Let’s start by addressing the biggest issue with life insurance. The thought of yourself or a loved one dying is really unpleasant. Now imagine that someone is sitting at your kitchen table with you and going through a worksheet where they put some numbers into it and it spits out an ‘amount’ that you would be worth if you died. That takes the unpleasantness to the next level. After many years going through this with clients, trust me, no one likes to talk about what happens if they die unexpectedly.
As unpleasant as that process sounds, it is important to think about because the alternative is thinking about your loved ones potentially being left in difficult or even dire financial circumstances. Add the idea of your family having to move because they can’t afford your house, kids unable to go to college or university because they wan’t pay for it or your partner back at work a week after your death because they need their next pay cheque. These thoughts should trump the unpleasant idea that you die unexpectedly.
Imagine what happens to your family if you are not here today. Now how much insurance do you need? Will a GoFundMe page set up after your death cover it?
The reality is that you need to plan based on what if something happened to you today. What do you want your beneficiaries to be able to pay for immediately and how long will they need help financially to adjust to things.
If you own a home the biggest monthly expense most people have is their mortgage payment. This is typically where you start. What debts would you want people to be able to pay off immediately? Mortgages, credit lines, credit cards, etc. These are the hard numbers and they are usually easier to arrive at. The more difficult the amount to arrive at is figuring out any extra money you want to leave behind. You can include a lump sum of money to supplement income for a few years or to help with paying for future expenses (i.e. post-secondary tuitions).

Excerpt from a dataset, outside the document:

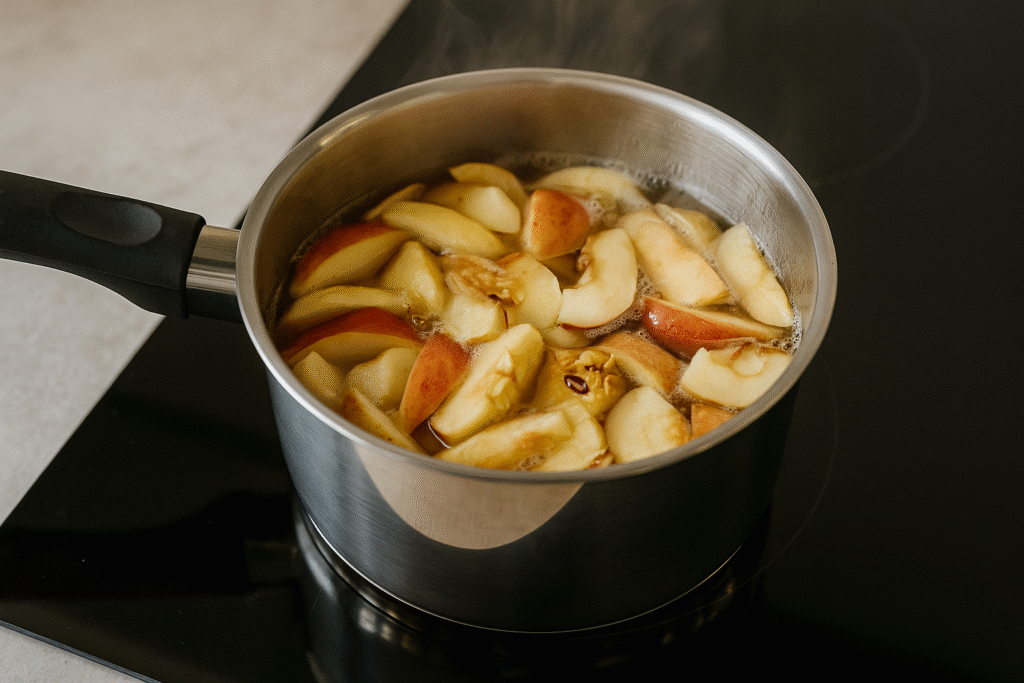 Kogning af æbleskaller og kernehuse udtrækker pektinen.
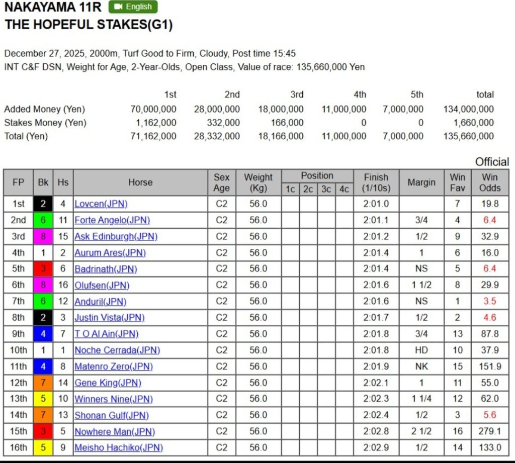 En una jornada fría de finales de diciembre en el hipódromo de Nakayama, Lovcen escribió una de las mejores carreras para dosañeros del año al conquistar el prestigioso Hopeful Stakes (G1, 2,000 m césped). Contra pronósticos que favorecían a rivales con mayor forma, este potro de dos años, conducido magistralmente por Kohei Matsuyama, desplegó una carrera de inteligencia táctica y fuerte remate al final para imponerse con un tiempo de 2:01.0.

Once you have determined how much coverage that you need, you need to figure out if they are temporary or permanent life insurance needs. A mortgage is a great example of a temporary need. The amount of your current mortgage balance will be lower in 10 years than it is today. Structure your coverage accordingly… Use term life insurance to cover any large amounts that are temporary and consider permanent life insurance if you have an expense that isn’t going to go away (e.g. funeral costs).
The bottom line with figuring out how much you need is that I have never had a beneficiary tell me that they would take the money instead of having another day with the person who died. I have also seen the effects that good versus poor planning of how much coverage is enough can have. Put aside the unpleasantness and make the decision that gives your beneficiaries what they need right now.
In everyone’s self image they live until they are a ripe old age and die peacefully in their sleep after living the fullest life they could ever imagine. This isn’t how the world works though and you need to plan for it.